| Excerpted data |
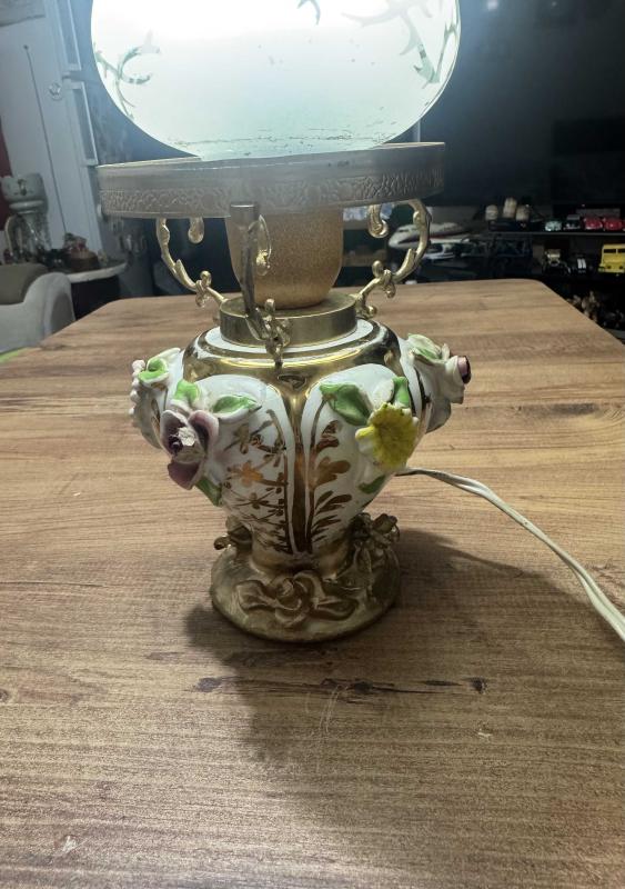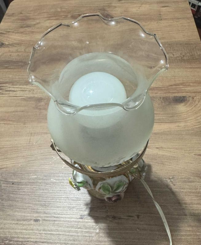 Antika Tarzı Porselen Capodimonte Çiçekli Gece Lambası / Abajur El yapımı kabartma porselen çiçeklerle süslenmiş, gold (altın rengi) işlemeli gövde. Üzerinde zarif kelebek ve doğa desenleri bulunan, buzlu camdan özel üst başlık. Çalışır vaziyettedir. Fotoğraflarda görüldüğü üzere yaşına bağlı olarak porselen çiçeklerin bazılarında ufak deformasyonlar mevcuttur (antik/vintage bir hava katmaktadır). başlıklı antika/koleksiyon objesi Avrupa menşe’lidir. Objenin ait olduğu dönem bilinmeketedir.
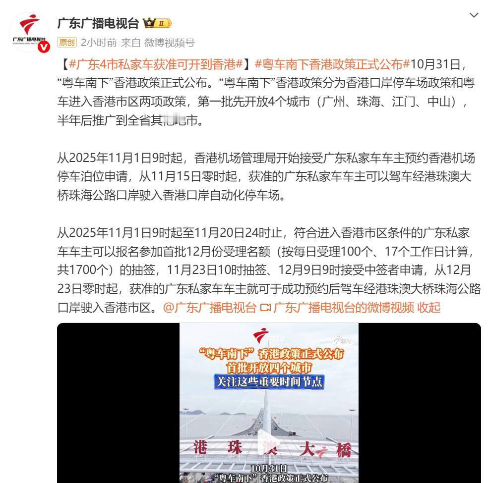 广东4市私家车获准可开到香港 “粤车南下”省流版:11月1日9时起可报名,首批一共放1700个名额,获准车辆从12月23日零时起,可以驾车经港珠澳大桥珠海公路口岸驶入香港市区。目前只开放4个城市,广州、珠海、中山和江门,没有离香港最近的深圳,半年后推广到全省其他地市。看了一眼流程,还挺麻烦的,但多少是往前迈了一步,中签的小伙伴记得晒一晒哈。
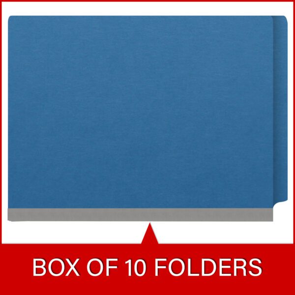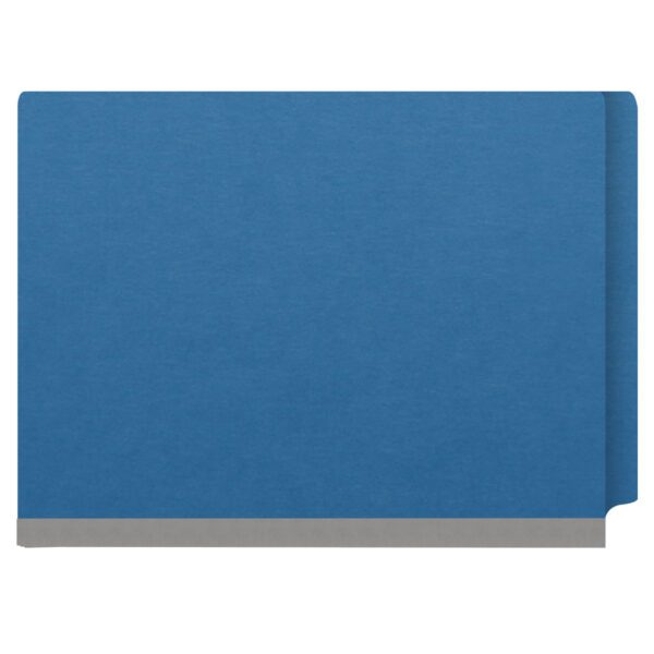 These end tab pressboard classification folders are designed to allow you to divide your documents into multiple sections. THESE FOLDERS WILL NOT FIT IN FILE DRAWERS. These end tab classification folders are designed for filing on shelves. Whether they are active or inactive records, pressboard folders are designed to stand up and last even in the most demanding environment. These pressboard products feature dark blue Tyvek expansions which allow the file to expand as needed. These 25 pt. royal blue pressboard folders also feature three 18 pt manila dividers with two bonded fasteners.
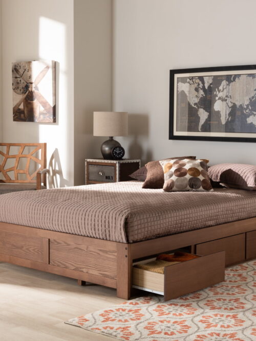 • Baxton Studio Wren Modern and Contemporary Walnut Finished 3-Drawer King Size Platform Storage Bed Frame
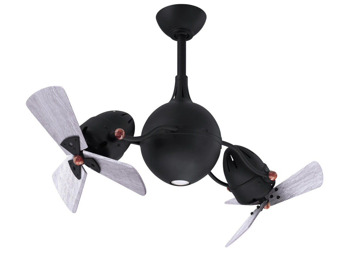 Matthews Fan AQ-BK-WDBW Acqua 360° rotational 3-speed ceiling fan in matte black finish with solid barn wood blades and light kit.
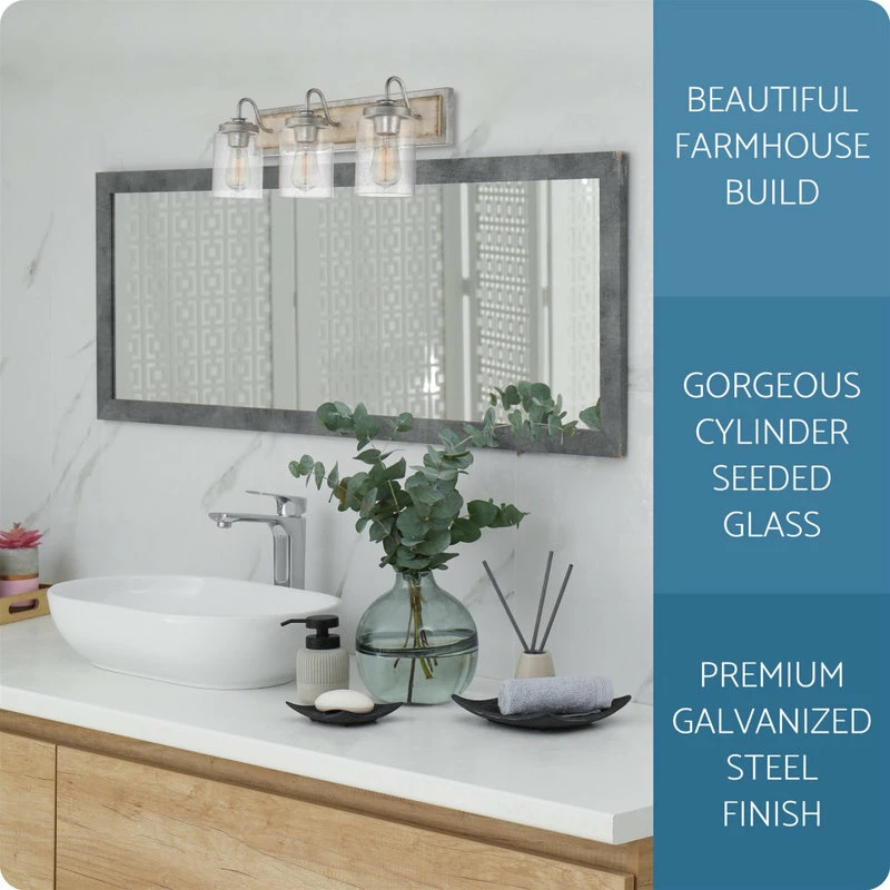 Kira Home’s Greyson 22″ 3-light vanity light brings an attractive industrial farmhouse feel to your home. Featuring a stunning metal wood style in white ash and galvanized finish and durable seeded glass cylinder shades, this wall fixture conveys both quality and character. Greyson is constructed with quality materials and has been designed with attention to detail and suits styles such as rustic and country decor well. Greyson is listed for damp locations, and can mount above the bathroom mirror or vanity in your powder room with the shades pointed in either and up or down direction. Illuminate covered outdoor spaces like porches and patios. Need to set the mood? Greyson works with standard dimmer switches when used with compatible bulbs, and if you’re looking for a vintage look and feel, choose bulbs with an Edison style. Unlike our low priced competitors, Greyson is ETL approved for your safety.
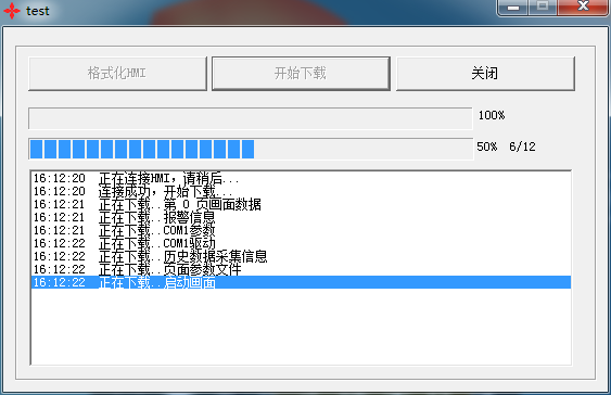 下图为批量下载工具启动成功,正在为HMI下载程序
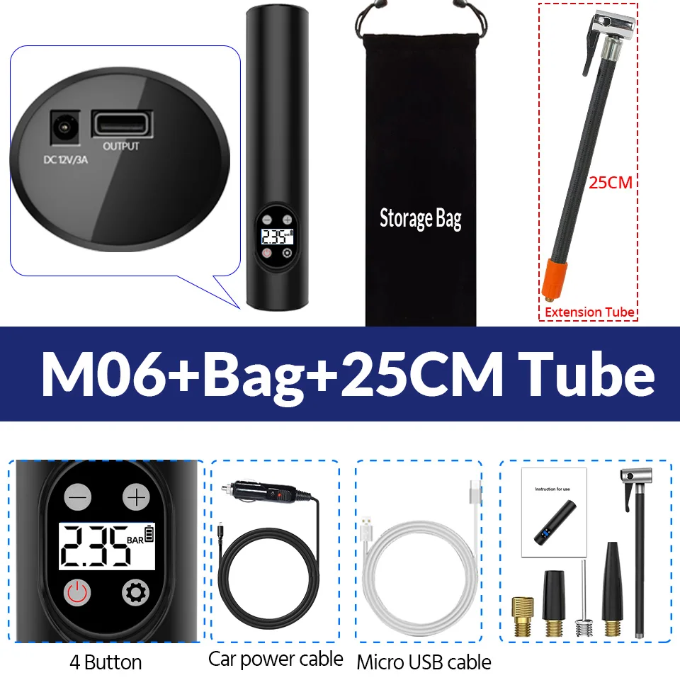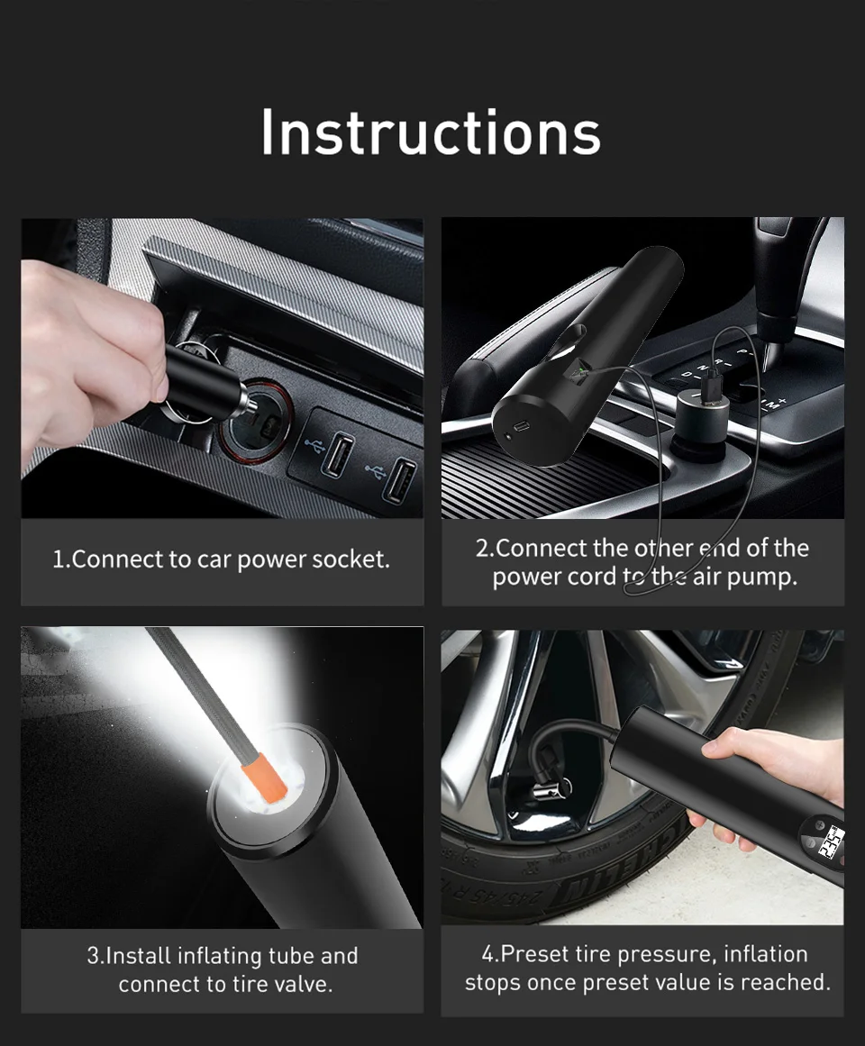 ☞Compatible with a variety of nozzles, suitable for a variety of items to inflate, like pro-bike tires, home use car tires, motorcycle tires, electric bicycle tires, balls, swimming rings, inflatable toys and other inflatables.

| Problem to solve |
Starting at the line that holds "广东4市私家车获准可开到香港", repeat every line through the end of the listing exactly as written, skipping any picture.

| Answer for the task |
 广东4市私家车获准可开到香港 “粤车南下”省流版:11月1日9时起可报名,首批一共放1700个名额,获准车辆从12月23日零时起,可以驾车经港珠澳大桥珠海公路口岸驶入香港市区。目前只开放4个城市,广州、珠海、中山和江门,没有离香港最近的深圳,半年后推广到全省其他地市。看了一眼流程,还挺麻烦的,但多少是往前迈了一步,中签的小伙伴记得晒一晒哈。
 These end tab pressboard classification folders are designed to allow you to divide your documents into multiple sections. THESE FOLDERS WILL NOT FIT IN FILE DRAWERS. These end tab classification folders are designed for filing on shelves. Whether they are active or inactive records, pressboard folders are designed to stand up and last even in the most demanding environment. These pressboard products feature dark blue Tyvek expansions which allow the file to expand as needed. These 25 pt. royal blue pressboard folders also feature three 18 pt manila dividers with two bonded fasteners.
 • Baxton Studio Wren Modern and Contemporary Walnut Finished 3-Drawer King Size Platform Storage Bed Frame
 Matthews Fan AQ-BK-WDBW Acqua 360° rotational 3-speed ceiling fan in matte black finish with solid barn wood blades and light kit.
 Kira Home’s Greyson 22″ 3-light vanity light brings an attractive industrial farmhouse feel to your home. Featuring a stunning metal wood style in white ash and galvanized finish and durable seeded glass cylinder shades, this wall fixture conveys both quality and character. Greyson is constructed with quality materials and has been designed with attention to detail and suits styles such as rustic and country decor well. Greyson is listed for damp locations, and can mount above the bathroom mirror or vanity in your powder room with the shades pointed in either and up or down direction. Illuminate covered outdoor spaces like porches and patios. Need to set the mood? Greyson works with standard dimmer switches when used with compatible bulbs, and if you’re looking for a vintage look and feel, choose bulbs with an Edison style. Unlike our low priced competitors, Greyson is ETL approved for your safety.
 下图为批量下载工具启动成功,正在为HMI下载程序
 ☞Compatible with a variety of nozzles, suitable for a variety of items to inflate, like pro-bike tires, home use car tires, motorcycle tires, electric bicycle tires, balls, swimming rings, inflatable toys and other inflatables.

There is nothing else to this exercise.